Re:massing spam for training purposes. by bobbozzo · 2003-08-23 09:55 · Score: 3, Informative

YES: http://spamarchive.org/
Also remember you need to feed nonspams to bayesian filters also.

--
Nothing to see here; Move along.
Re:massing spam for training purposes. by jpetts · 2003-08-23 11:16 · Score: 1

Also remember you need to feed nonspams to bayesian filters also.

Yes indeed, but don't forget: ham is personal, while spam is universal, so you need your own corpus of ham.

--
Call me old fashioned, but I like a dump to be as memorable as it is devastating - Bender

Consumer Reports did an article on that too by Stavr0 · 2003-08-23 08:48 · Score: 3, Informative

Ratings - Spam-blocking software

SAProxy for Windows (Based on SpamAssassin) got the highest marks.

Re:Consumer Reports did an article on that too by cyways · 2003-08-24 07:01 · Score: 1

While I'm not surprised to see no reviews of filters for OS's other than Windows and MacOS, I am a bit surprised that there was only one free filter reviewed. Is it really the case that none of the dozens of open source filters has been ported to windows?

And why not Mozilla? Outlook Express and Apple Mail are included.

Isn't part of consumer "protection" protecting consumers from having to spend money when they don't need to?

It is learning the words. by Population · 2003-08-23 08:51 · Score: 1

Simply adding random text to a message is not enough to get it past SpamAssassin.

I run SpamAssassin, I know that it catches that stuff.

The reason it does catch it is because it used a WEIGHTED system for classification. If the message has the characteristics of spam, but has random words in it, it will still be considered spam UNLESS those random words have been used previously in ham messages that it has learned.

Now, the odds of the spammer hitting upon words that my version of SpamAssassin has learned as ham are very slim.
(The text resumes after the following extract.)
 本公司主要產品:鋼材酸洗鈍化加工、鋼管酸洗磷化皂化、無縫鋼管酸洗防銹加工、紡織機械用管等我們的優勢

And if he did manage it, those same words would most likely not be in someone else's ham list.

So spam that can get through to me will not get through to 90% of the other SpamAssassin users.
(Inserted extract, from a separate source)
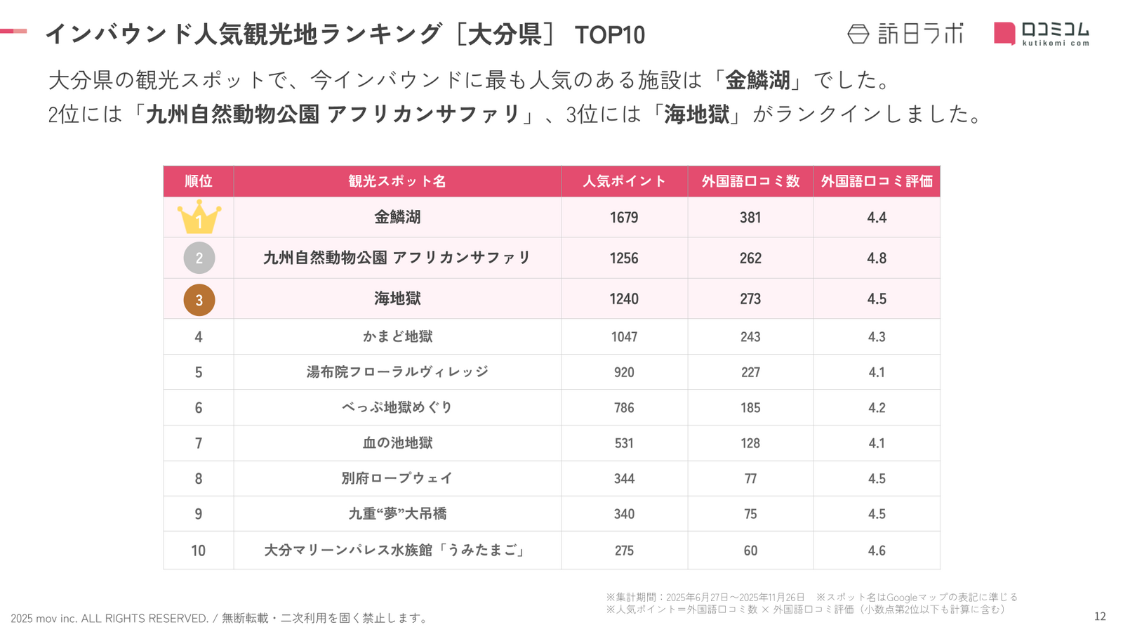 訪日ラボ・口コミコムが独自に調査した『インバウンド人気観光地ランキング』大分県 編。

I'm running SpamAssassin at work and it is catching over 1,000 spam messages for every false positive or false negative that it lets through. Despite the spammers including random words and random text and all of their other tricks.

mail.app by b17bmbr · 2003-08-23 08:52 · Score: 1

i use apple's mail.app with bayesian filtering. i have received maybe 4 or 5 true spam emails in over a year. i haven't yet missed any real emails either. i would have to say that's pretty good. otoh, our groupwise system at work is fscking horrible. i get tons of fscking spam. i have had to set dozens of rules, and it still doesn't matter.

--
My problem? I was perfectly gruntled, until some numbnuts came by and dissed me.
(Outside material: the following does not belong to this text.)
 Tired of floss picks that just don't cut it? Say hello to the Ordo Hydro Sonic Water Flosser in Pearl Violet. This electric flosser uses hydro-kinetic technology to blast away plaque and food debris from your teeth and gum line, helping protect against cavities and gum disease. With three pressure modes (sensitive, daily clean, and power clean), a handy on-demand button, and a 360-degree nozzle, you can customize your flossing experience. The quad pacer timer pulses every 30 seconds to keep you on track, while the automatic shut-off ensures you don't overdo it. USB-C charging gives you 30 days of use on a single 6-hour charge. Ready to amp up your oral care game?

Pine by fluxrad · 2003-08-23 08:58 · Score: 1

I use Pine when I'm at work (ssh into my box at home), but generally speaking, I use Outlook when I'm in winders or Moz when I'm booted into linux on my desktop.

I suppose (as the other poster) mentioned, that I could turn on IMAP, but like I said before, it sure seems like a gigantic pain in the ass to do nothing more than filter out a few extra emails a day.

--
"It is seldom that liberty of any kind is lost all at once." -David Hume

Re:So weird by brokencomputer · 2003-08-23 09:01 · Score: 1

I dont think you get the point. Notsohotmail.com is easy to pronounce and remember. You are purposly ignoring my second post to prove your point. I am surprised that this was modded up for insightful when i clarified my point already. I was kind of joking and made a mistake about that.

--
The Television Wiki

Re:So weird by maxume · 2003-08-23 09:03 · Score: 1

If you don't worship your tinfoil hat, you should check out mailinator.com. You don't need to set anything up, you just check the mailbox that you just made up.

--
Nerd rage is the funniest rage.

Comment removed by account_deleted · 2003-08-23 09:03 · Score: 1

Comment removed based on user account deletion

Five baysian filters were enough by Sits · 2003-08-23 09:09 · Score: 4, Informative

Here's a quote from the article:

Also, SpamAssassin has a Bayesian classifier built in, but it wasn't used in these tests, since having five was enough.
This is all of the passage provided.